Databricks Cost Allocation and Chargeback

Cost Allocation is where admins manage how LakeSentry assigns spend to accountable owners. It combines two dimensions:

  • Accountability: org unit → department → team, used for chargeback and budgets.
  • Context: optional projects and shared buckets, used to explain why the spend happened.

LakeSentry is conservative: if a cost line cannot be attributed with a defensible path, it remains workspace/unattributed instead of being guessed.

Shows attribution quality, unattributed spend, and the largest allocation gaps. Use this tab first after onboarding or after adding new workspaces to find missing mappings, tags, or rules.

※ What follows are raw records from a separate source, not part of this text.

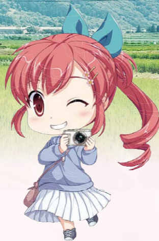
別所線存続支援キャラクター 北条まどか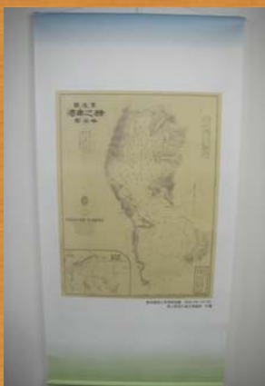
■豊後國猪之串港略測圖 (明治10年)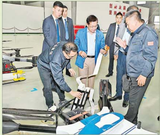
နိုင်ငံတော်စီမံအုပ်ချုပ်ရေးကောင်စီဥက္ကဋ္ဌ နိုင်ငံတော်ဝန်ကြီးချုပ် ဗိုလ်ချုပ်မှူးကြီး မင်းအောင်လှိုင် Zhongyue Aviation UAV Firefighting-Drone Co.,Ltd မှ ထုတ်လုပ်ထားသော လူမှုကယ်ဆယ်ရေးလုပ်ငန်းများတွင် အသုံးပြုသည့် အဆင့်မြင့် ဒရုန်းများ ခင်းကျင်းပြသထားမှုကို ကြည့်ရှုလေ့လာစဉ်။

Rules override default ownership when you know how a resource should be charged. Lower priority numbers run first; at the same priority, workspace-specific rules are favored over global rules.

Rule types:

TypeUse forMatch criteria
ExactA known cluster, warehouse, job, or pipelineResource type + exact resource ID
PatternNaming conventions, tag conventions, or principal domainsResource type, regex pattern, principal domain, tags
ProportionalPlatform overheadSKU pattern and/or usage type, split by compute spend

Attribution modes:

  • Direct: assign 100% of the matched spend to one team and optional project.
  • Split: distribute spend across multiple teams by percentages that must total 100%.
  • Shared: mark a resource as shared infrastructure and place it in a shared bucket.

Lists resources and their current attribution path. Use it to inspect clusters, warehouses, jobs, pipelines, and other cost subjects before creating an exact rule.

Projects are a horizontal label for spend that cuts across the hierarchy. A team can own spend directly while the project explains the business context.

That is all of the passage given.